Currently there are two different markets that graphics cards are aimed at. The most popular is gaming where tens of millions of PC video game fans use them to play their games with the best possible frame rate and / or the best graphics. The other market is for high-performance computing or HPC GPUs. How are the two types of graphs different?
There is no doubt that graphics cards have undergone a huge evolution in recent years. Not only do they offer the ability to reproduce increasingly realistic graphics, but their computing power is also used for scientific applications of all kinds and this has allowed them to reach more markets than video games. But in different markets different solutions and as is already known, both NVIDIA and AMD have architectures designed for what is the reproduction of video games on the one hand and on the other hand for scientific computing.
At a general level they share a series of common elements, but they bring with them a series of differential elements that makes them different creatures if we compare an HPC GPU architecture with a Gaming GPU. That is why we have decided to tell you about the differences between both types of GPU.
Data accuracy, the main difference in GPU HPC and Gaming
In a video game, the fact that a piece of data is not entirely accurate is not a problem, since one usually works with what we mathematically call an approximation. Which consists of using lower precision figures, but with enough to perform a close simulation. This is due to the fact that the amount of bits that we can assign to the data in the ALUs are limited and more bits per ALU, more transistors and with this, the size of the transistors is greater. Since the transistor budget of a commercial GPU is limited and data accuracy is not that important, this sacrifice ends up being made.
But in scientific computing it is different, the precision of the data is very important to perform the calculations. A simple variation in the data can lead to the model you are working with to deviate too much or to erroneous results. Imagine the disaster that would be if a low-precision GPU will be used to calculate certain elements when creating a new drug and that due to lack of precision, an error ends up resulting in a health disaster. Hence, many of the GPUs designed for HPC make use of precision 64-bit floating point ALUs. Which we do not usually see the GPUs used for gaming for a very obvious fact.
The use of higher precision instructions requires the implementation of specialized ALUs and with it changes in the entire shader unit, not only with regard to the implementation of these ALUs, but also with regard to registers, the instruction set and intercommunication.
The cost structure is different on an HPC GPU
In the consumer market, for example, it is not possible to sell a large GPU, because what customers can pay is very little, nor can extremely expensive types of memory such as HBM memory be used. Which despite being better in two of the three variables (size and consumption), lose in terms of costs compared to GDDR6 memory, which is much cheaper.
The cost limitation does not occur in the case of HPC GPUs, since they are designed for a market where high costs make the use of HBM-type memories profitable. Hence, GPUs of this type usually use this type of memory instead of GDDR6. If your customers are willing to pay the cost for a better type of memory then they will.

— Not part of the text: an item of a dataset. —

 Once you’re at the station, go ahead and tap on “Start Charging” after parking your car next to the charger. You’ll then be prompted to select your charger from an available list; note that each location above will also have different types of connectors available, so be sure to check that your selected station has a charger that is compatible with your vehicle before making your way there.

The other reason is that supercomputers and data centers that make use of HPC GPUs is the fact that they usually have their energy consumption already previously budgeted where each watt used has to be used to the maximum. Due to the fact that HBM memory has a much lower consumption in pJ / bit than GDDR6 it has ended up imposing itself in that market and this has made all future HPC GPU designs based on the use of this type of memory, the which requires the use of interposers and therefore 2.5DIC structures.

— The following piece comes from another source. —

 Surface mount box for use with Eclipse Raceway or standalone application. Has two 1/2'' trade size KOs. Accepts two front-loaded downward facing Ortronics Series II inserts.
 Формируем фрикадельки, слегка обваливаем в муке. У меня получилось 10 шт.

Different markets, different needs
GPUs to render graphics make use of a series of units that we call a fixed function due to the fact that they are not programmable. His work? Perform certain repetitive and redundant functions when generating the real-time graphics that we see on the screen. HPC graphics cards are different, many of these units do not need them and therefore do not use them.
Typically the simplest change to converting a Gaming GPU to an HPC GPU starts with blinding the video output. But as we have seen in the other two sections, HPC GPUs go beyond that. What is true is that manufacturers tend to leave these types of units in their HPC GPUs. Which is paradoxical to say the least, especially in the case of the GPUs used in the NVIDIA Tesla where the different units are not used. AMD, on the other hand, in their CDNA-based AMD Instinct have completely eliminated them from the equation.
Why are unused units still there? Well, due to the fact that they take up little space, they are turned off when they are not used and it is a bigger job to remove them from the middle and reconfigure the entire design without them than to maintain them. After all, they are not complete processors and take up very little space. Enough not to disturb despite being there. Although the biggest change is in the graphics command processor, most HPC GPUs have that unit disabled and therefore cannot process the display list created by the CPU to generate graphics.